La dernière saison s’est en effet révélée désastreuse pour les acériculteurs de la province, après les années records enregistrées en 2019 et 2020. Pour Martin Norris, qui exploite une érablière de 3 750 entailles sur des terres louées, à Potton, en Estrie, la dernière récolte s’est révélée une véritable annus horribilis. « J’ai fait moins que la moitié d’une année ordinaire. Ça a été une année aussi pourrie qu’en 2012 », soutient le producteur qui aimerait ajouter 5 à 6 000 entailles à sa production grâce aux nouvelles allocations autorisées.
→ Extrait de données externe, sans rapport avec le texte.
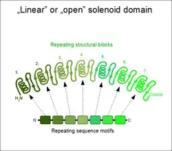 Solenoid protein domains are a highly modular type of protein domain. They consist of a chain of nearly identical folds, often simply called tandem repeats. They are extremely common among all types of proteins, though exact figures are unknown.[1]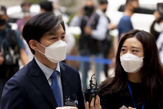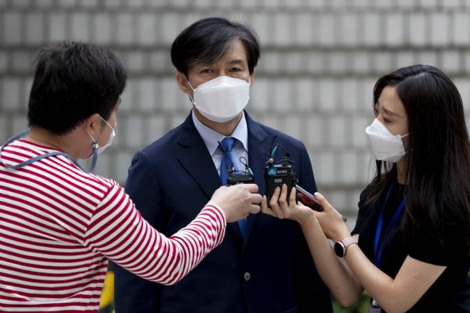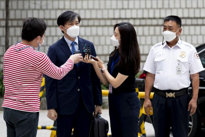 조국 전 법무부 장관이 10일 서울중앙지법에서 열리는 자녀 입시비리 등 재판에 출석하며 취재진 질의에 답하고 있다.

Les candidats disposent de peu de temps pour soumettre leur dossier, admet Hélène Normandin. La date limite est fixée au 15 octobre. « Le défi, cette année, était qu’on attendait le nouveau règlement de la Régie des marchés agricoles. On voulait appliquer l’émission des entailles dans le cadre du nouveau règlement. On l’a reçu le 2 septembre. C’est à ce moment-là que nous avons pu obtenir les bons formulaires qui respectaient la nouvelle réglementation », explique Mme Normandin qui ajoute que les producteurs intéressés par des entailles supplémentaires ont été informés tôt, en juillet, de préparer leur plan d’érablière. L’échéance plutôt courte n’indispose pas Guillaume Vachon Gagnon. L’érablière de 12 000 entailles dont il partage la propriété avec son père, se trouve à Chesterville, un peu au sud de Victoriaville. « C’est quand même court, mais c’est vraiment rien de compliqué. Nous, l’ingénieur vient [de] faire le tour [c’était autour du 29 septembre] et ça devrait bien aller », explique le jeune entrepreneur qui souhaite ajouter d’un à deux mille entailles grâce aux nouvelles allocations.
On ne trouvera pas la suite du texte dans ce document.